Los últimos y bien conocidos acontecimientos por los que sendas crisis empresariales han terminado con el reciente ingreso en prisión de destacados personajes de la economía española ponen de nuevo en duda, ante la opinión pública, dos principios básicos de la economía de mercado: la legitimidad del enriquecimiento y la eficacia del mercado para resolver en solitario las patologías que en él puedan aparecer.

Aceptada por casi todos la mayor eficacia del mercado como instrumento de asignación de recursos para algunos más por la evidencia de las experiencias históricas recientes que por convicción intelectual-, ahora surgen con más fuerza las críticas basadas en su presunta carencia de principios éticos en los que sustentar su funcionamiento. El mercado se convierte así en un mal necesario con el que nos vemos obligados a convivir, y del que constantemente hemos de desconfiar para evitar a tiempo sus mayores abusos. Los fenómenos de enriquecimiento rápido, los especuladores, la «cultura del pelotazo» parecen ser para algunos las indeseables pero inevitables consecuencias de una forma de organizar la actividad económica al margen de consideración alguna de justicia pero que, eso sí, parece eficaz.

Sin embargo, no hay nada más alejado de la realidad que los anteriores planteamientos. La economía de mercado basa su legitimidad en la libre aceptación de todos y cada uno de los intercambios realizados. Capitalistas, trabajadores, empresarios y consumidores, entendidos no como grupos de personas diferentes sino como distintas posiciones económicas que todos los individuos simultánea o sucesivamente ocupan, disponen libremente de sus recursos ahorrando, invirtiendo, trabajando o consumiendo en la medida de sus respectivas posibilidades, y en función de la capacidad conjunta de generar riqueza. La libertad para aceptar las transacciones propuestas, y para rechazarlas cuando no se estimen favorables, garantiza que de todas ellas se derive un beneficio mutuo.

En este marco de libertad, la función empresarial resulta crucial. Descubrir las demandas de los consumidores y satisfacerlas de manera eficiente es el reto del empresario. No es esencial que posea capital propio, puesto que podrá reclamarlo en préstamo para desarrollar su proyecto; sí es imprescindible que no se equivoque en sus hipótesis de trabajo. Si produce bienes o servicios no demandados, o lo hace ineficazmente, a un coste superior al de sus competidores, se verá condenado a la quiebra. La retribución por el riesgo asumido es el beneficio, y la justicia de su percepción deriva de una mayor satisfacción social, producida como resultado de su actuación.

El empresario que es capaz de intuir la demanda de un bien, y que lo produce a un coste tal que los compradores consideren que el precio pagado es inferior a la ganancia obtenida por su adquisición, es un empresario eficaz y es justamente retribuido por la sociedad a través del beneficio.

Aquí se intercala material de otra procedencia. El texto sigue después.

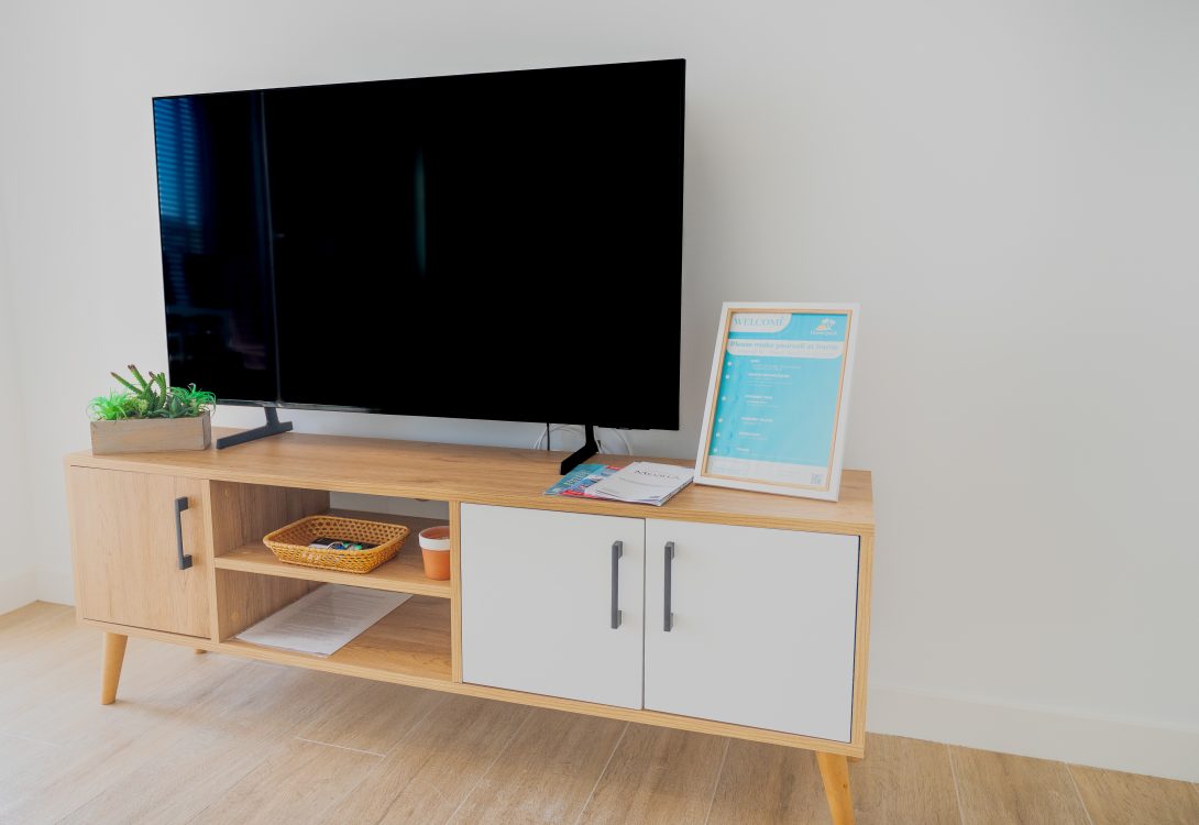 The sofa in the living room offers a choice between amazing sea views or relaxing TV viewing.
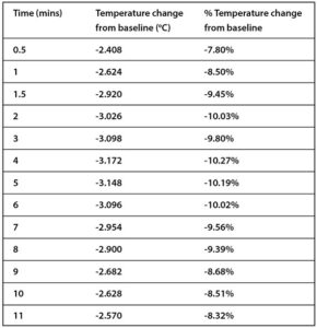 The average baseline skin surface temperature among subjects was 30.88°C. The pain relief gel reduced skin surface temperature from baseline temperature with reduction detected at the first recording at 30 seconds and at each time point interval (see Table 2). The peak average temperature drop of -3.172°C (10.27%) occurred at 4 minutes, p=0.05 (see Table 2 and Figure 1).
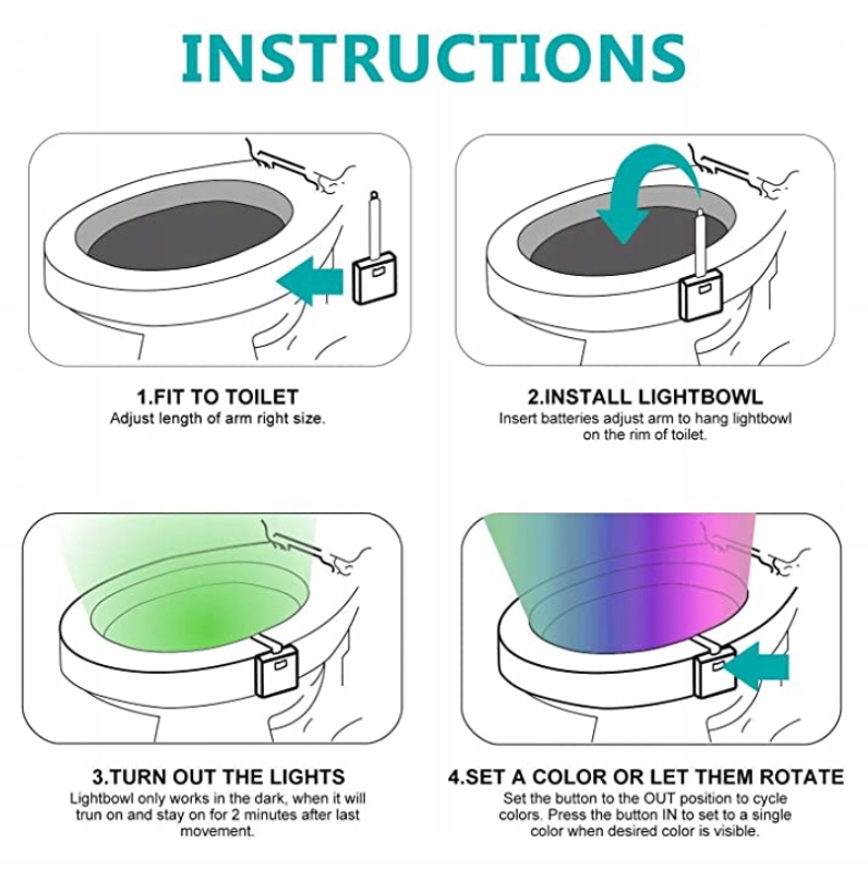 - Якщо підсвічування унітазу перебуває в стані зміни кольору, і ви хочете встановити його як один колір, натисніть кнопку один раз, тоді воно залишатиметься вибраним кольором і буде такого ж кольору протягом ночі на туалеті світло запрацює наступного разу. Якщо ви хочете змінити колір, натисніть його ще раз, щоб відновити зміну кольорів.
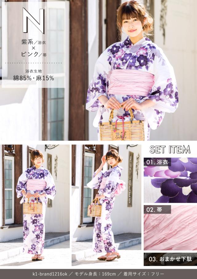 浴衣 綿100%%、ポリエステル100%、綿85%麻15%
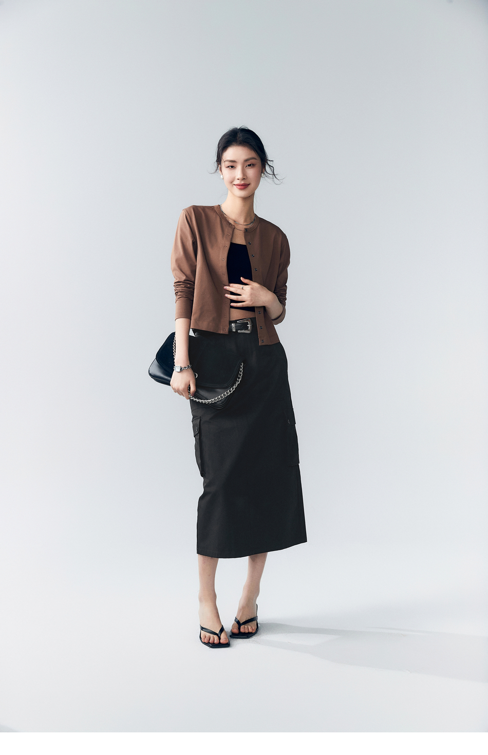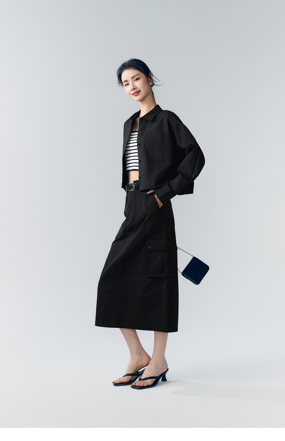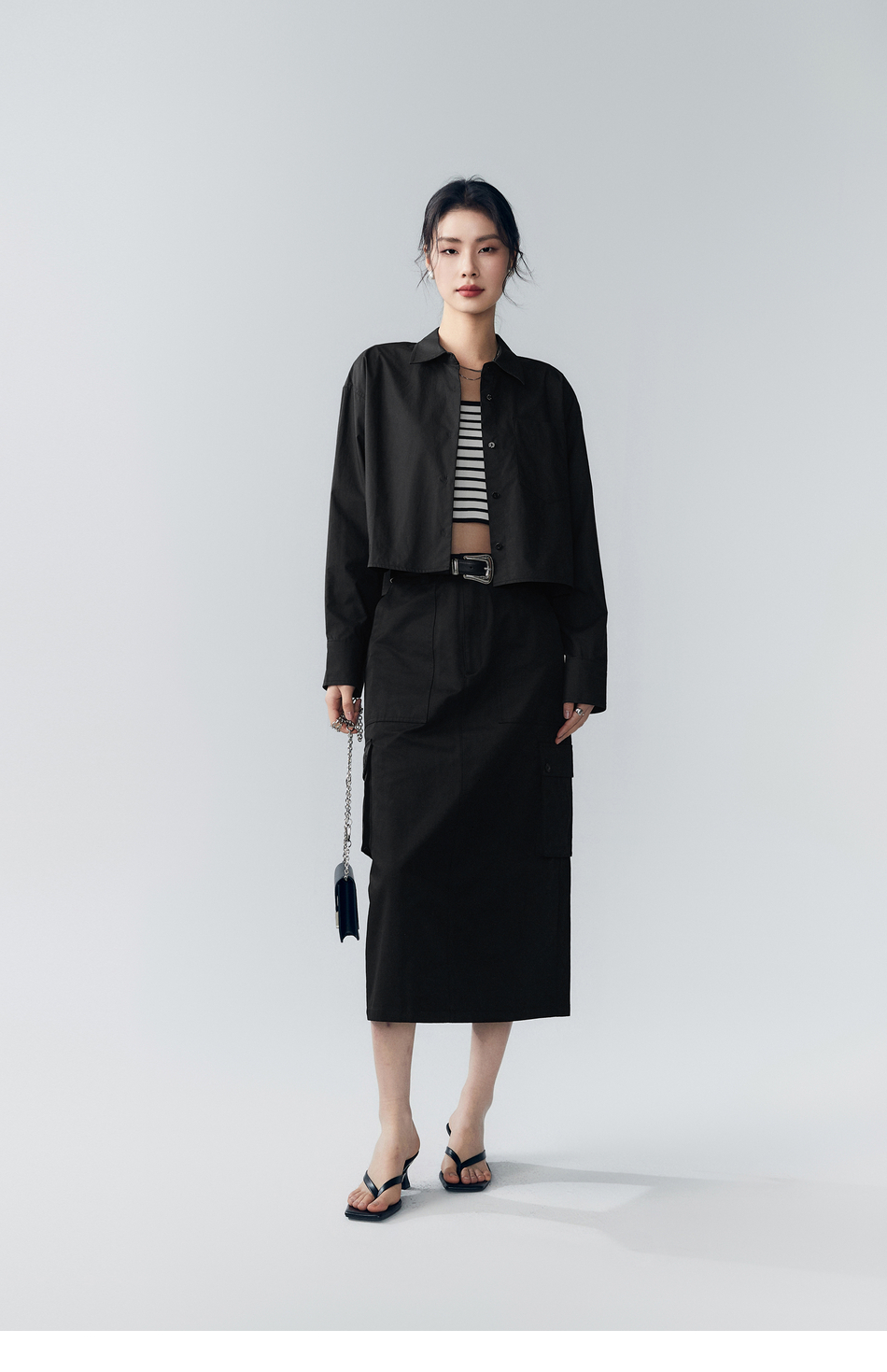 棉仓366601027-25春夏圆领长袖窄肩设计简约时髦感T恤

Beneficios mutuos o enriquecimiento propio

¿Qué tiene todo esto que ver con lo ocurrido en la economía española? Posiblemente nada, aunque en ocasiones las interpretaciones escuchadas tiendan a confundir algunas ideas. Los dos casos más relevantes tienen aparentemente en común una misma cosa: directivos más preocupados por sus respectivos intereses que por los de las empresas que administran aprovechan su poder de gestión en beneficio propio, a costa del resto de los accionistas. Las operaciones realizadas carecen de la legitimidad descrita para las transacciones que se verifican a través del mercado; no existe intercambio mu- tuamente beneficioso, sino enriquecimiento de uno a costa de otros, producido como consecuencia de la deslealtad en la gestión de intereses parcialmente ajenos: como consecuencia, por tanto, del engaño.

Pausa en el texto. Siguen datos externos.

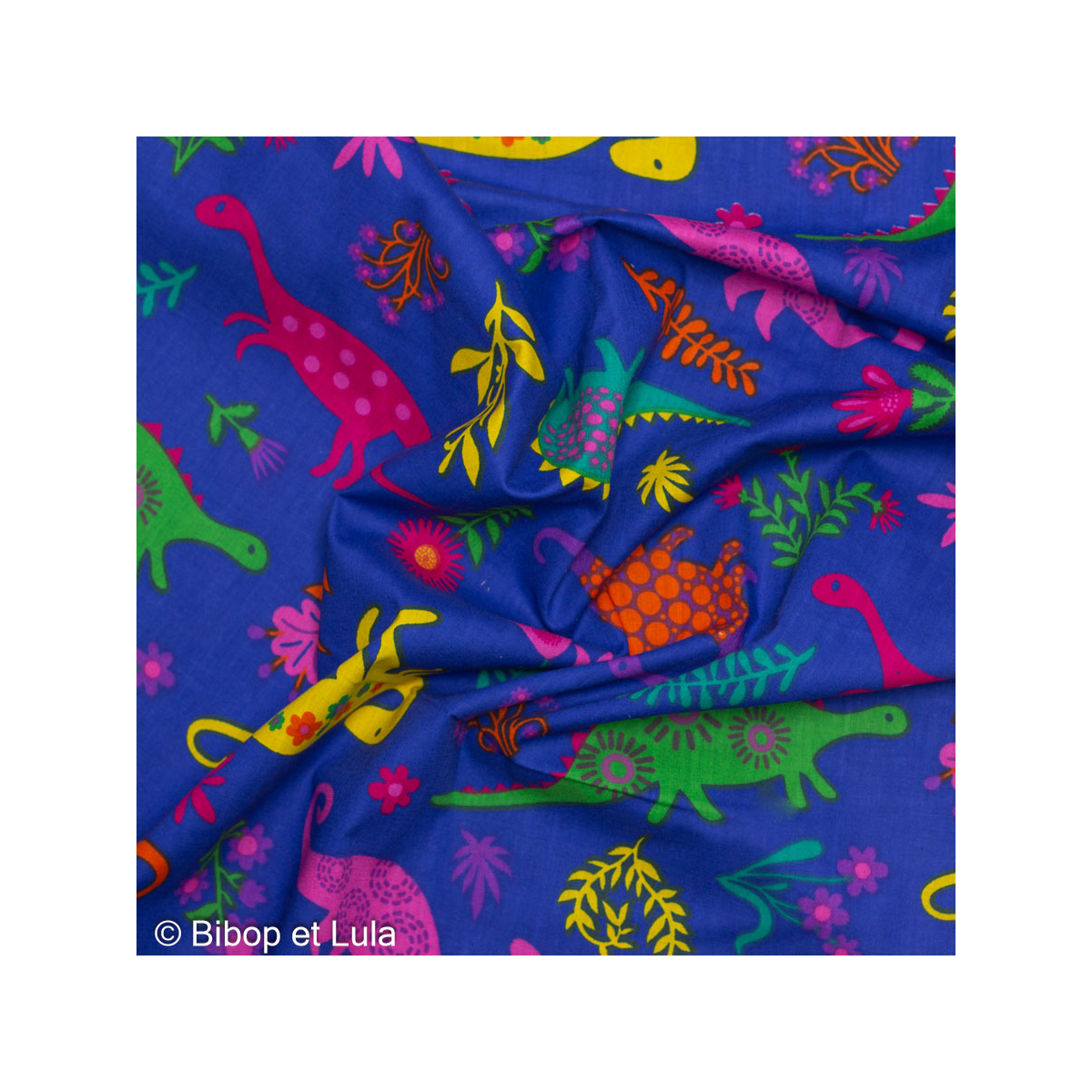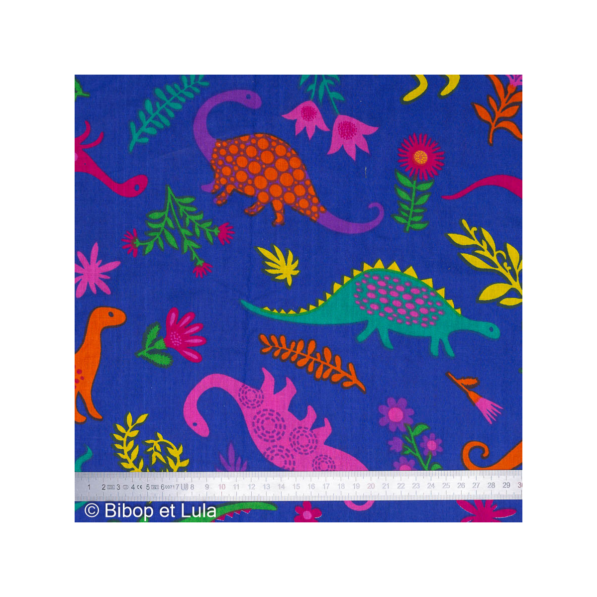 Son motif dinosaure orange , rose, vert et violet entouré de fleurs sur un fond bleu roi apporte une touche pétillante à toutes vos créations couture.

El inmenso desarrollo de las economías modernas ha hecho necesaria la aparición de grandes entidades en las que el ahorro perteneciente a un gran número de sujetos es administrado por algunos individuos, elegidos por ellos. Esta disociación de propiedad y gerencia es una característica típica del capitalismo contemporáneo, y una consecuencia necesaria de la utilidad que se deriva de la puesta en común de grandes cantidades de capital. Esta realidad novedosa obliga a adaptar constantemente nuestras leyes, para hacer posible que los accionistas minoritarios puedan controlar sus intereses de modo efectivo, poniendo en sus manos instrumentos adecuados y sancionando rápida y suficientemente los incumplimientos.

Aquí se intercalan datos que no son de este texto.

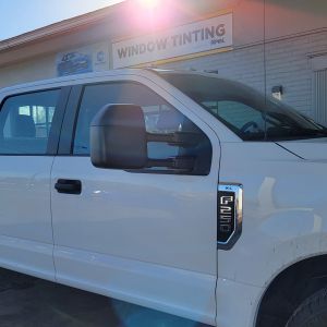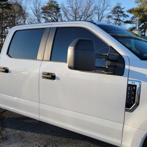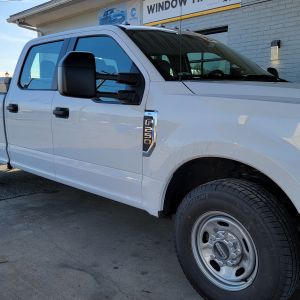 We are Delaware's Premier F Series Truck Specialists! We installed our XPEL CS 5% on the rear of this vehicle! We then installed a lighter shade of XPEL CS 20% on the front 2 doors with a 5% Glare Strip! These different shades help with keeping everything private and protected on the inside of the vehicle without making it impossible to see out of the vehicle while driving! The Glare strip is great at cutting down the direct sun from coming into the vehicle from the windshield! The 20% is a great medium shade if you don't want it too dark and hard to see out at night!
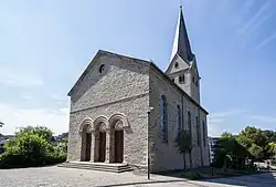Ursprünglich wurde an dieser Stelle um 700 erstmals eine Holzkirche errichtet. Diese wurde im Jahr 772 durch einen Brand durch heidnische Sachsen zerstört (gemäß Landrat Sybel). Um 1000 erfolgte mit Hilfe des Stiftes St. Cassius Bonn der Bau eines steinernen Chorgebäudes im romanischen Stil. Um 1100 erfolgte eine Erweiterung Richtung Westen durch ein Kirchenschiff. Der Bau der Sakristei 1522 und der Bau des Seiten- und Mittelschiffes durch den Homburgischen Grafen Wilhelm dem Älteren 1568 komplettierten die Kirche. Wegen der Baufälligkeit des alten Kirchenschiffes errichtete man 1841–1843 ein neues Kirchenschiff, dessen Einweihung am 22. November 1843 stattfand.

Aparentemente, el caso Banesto ha puesto de manifiesto la necesidad de una tutela pública directa para alcanzar esos deseables objetivos de control. Sin embargo, conviene recordar en qué medida la actuación de la Administración ha contribuido o ha permitido llegar a la situación en la que finalmente se ha desembocado. Hay que recordar que fue una decisión política la que desató unos procesos de fusión en el sector bancario al margen de la voluntad de los accionistas implicados, tal y como se puso de manifiesto posteriormente. Los equipos de gestión destituidos alcanzaron sus puestos encabezando un movimiento de contestación de los accionistas contra algunos intentos fraguados al margen de voluntad de éstos y que desde el poder político se les trató de imponer. La necesidad de actuar coactivamente se deriva en buena medida, por lo tanto, de las dificultades existentes para sustituir con normalidad a un mal equipo gestor -unas dificultades que son consecuencia de las suspicacias de aquellos que temían ser, de nuevo, manipulados-.

Conviene tener presente también que el mal funcionamiento de distintas instancias públicas ha podido incidir en un exceso de confianza por parte de los accionistas. Hay pocas actividades económicas tan intervenidas y tuteladas en todas sus etapas como las financieras en general y las bancarias en particular. Auditorías anuales legalmente exigidas y públicamente supervisadas, inspecciones del Banco de España, controles fiscales, aprobación administrativa previa de las sucesivas ampliaciones, etc.: todo ello puede razonablemente ofrecer a los ciudadanos interesados la impresión de que alguien en la Administración vela por sus intereses. Pero la solu ción traumática a una crisis en estado avanzado pone de manifiesto que esa impresión era un error, pues la ineficacia de esos controles previos es evidente: al contrario de lo que se pretendía, tal vez hayan contribuido a debilitar las peticiones y demandas de control desde dentro de la propia entidad.

En todo caso, lo importante no es tanto denunciar los claros errores de los mecanismos públicos de control, como más bien destacar la falta de relación entre estos fenómenos y el funcionamiento de una economía de libre mercado. El engaño puede existir en cualquier actividad humana, también en la económica, pero no es consustancial a ellas. Lo que ahora debería demandarse, a la vista de lo acontecido, es una estructura legal e institucional más justa y eficaz que la existente en la actualidad, que garantice a los pequeños accionistas la efectiva protección de sus intereses, que posibilite en su caso la rápida exigencia de responsabilidades y que sancione las conductas punibles. Esa reforma no puede ser rectamente concebida como un límite al funcionamiento del libre mercado, sino como una mejor configuración de sus cauces naturales de desarrollo.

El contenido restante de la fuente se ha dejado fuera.